This question is a follow-up from this thread
I'd like to perform three actions on a disk frame
- Count the distinct values of the field
id
grouped by two columns (key_a and key_b) - Count the distinct values of the field
id
grouped by the first of two columns (key_a) - Add a column with the distinct values for the first column / the distinct values across both columns
This is my code
my_df <-
data.frame(
key_a = rep(letters, 384),
key_b = rep(rev(letters), 384),
id = sample(1:10^6, 9984)
)
my_df %>%
select(key_a, key_b, id) %>%
chunk_group_by(key_a, key_b) %>%
# stage one
chunk_summarize(count = n_distinct(id)) %>%
collect %>%
group_by(key_a, key_b) %>%
# stage two
mutate(count_summed = sum(count)) %>%
group_by(key_a) %>%
mutate(count_all = sum(count)) %>%
ungroup() %>%
mutate(percent_of_total = count_summed / count_all)

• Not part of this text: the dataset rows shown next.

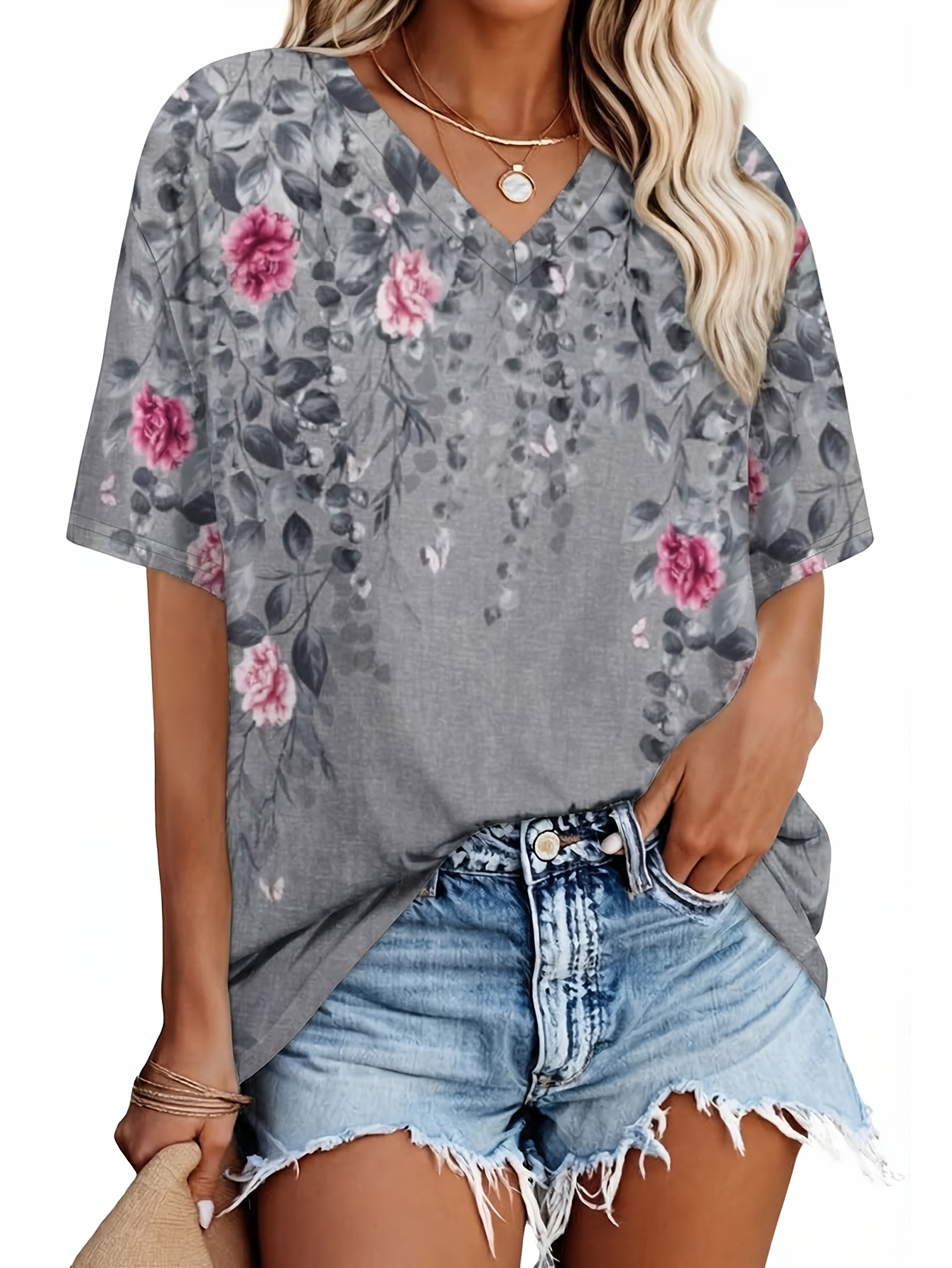 Home Women's T-Shirt Oversized 3pcs Set Women’s Fashionable and Elegant Loose-Fit Casual Basic V-Neck Short-Sleeve T-Shirt Top
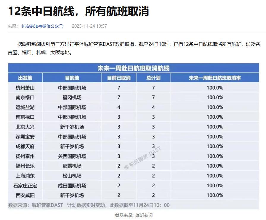 据《日经亚洲》11月29日报道,中国航空公司12月已取消赴日航班904架次,是两天前的三倍,波及东京成田、大阪关西等13个机场。
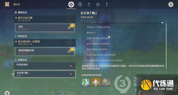 原神隐藏任务古云有螭怎么做?原神是一款可以在开放世界探索和解谜的游戏,这游戏里面有很多隐藏任务,完成这些任务可能会有巨额收益,我给各位玩家带来了原神隐藏任务古云有螭攻略。原神隐藏任务古云有螭怎么做 古云有螭第一阶段 隐藏任务古云有螭的触发地点有三个,分别是“遗迹”、“最高处”、“岩尊像”,找
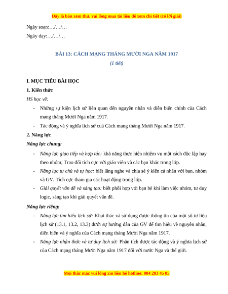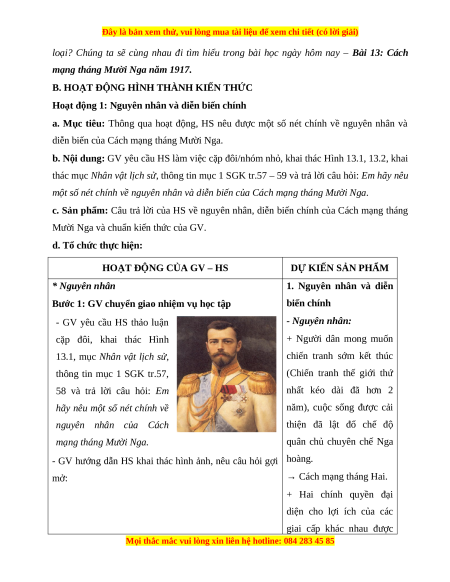BÀI 13: CÁCH MẠNG THÁNG MƯỜI NGA NĂM 1917 (1 tiết)
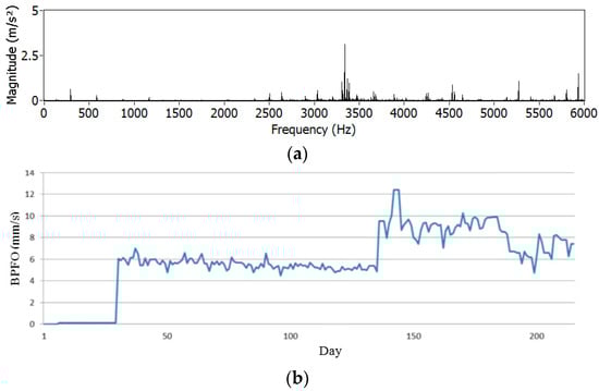 Example of frequency spectrum from a daily vibration signature of spindle (a) and evolution of ball pass frequency outer race (BPFO) monitoring criterion during 220 days (b).
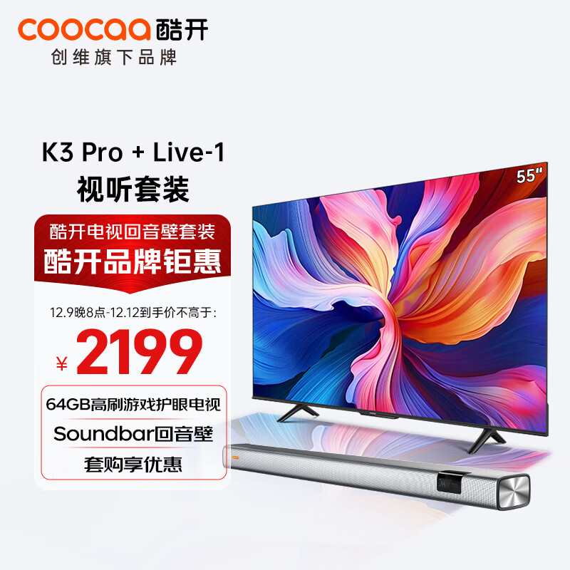 酷开创维 55英寸K3 Pro电视机+音响Live-1 回音壁 客厅家庭影院 壁挂条形音箱 蓝牙影院级娱乐体验套装价格:2199.00元!
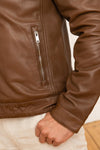 Brown leather shirt collar jacket - Image n°3

My data is in the format of a disk frame, not a data frame, and it has 100M rows and 8 columns.
I'm following the two step instructions described in this documentation
I'm concerned that the collect
will crash my machine since it brings everything to ram
Do I have to use collect
in order to use dplyr group bys in disk frame?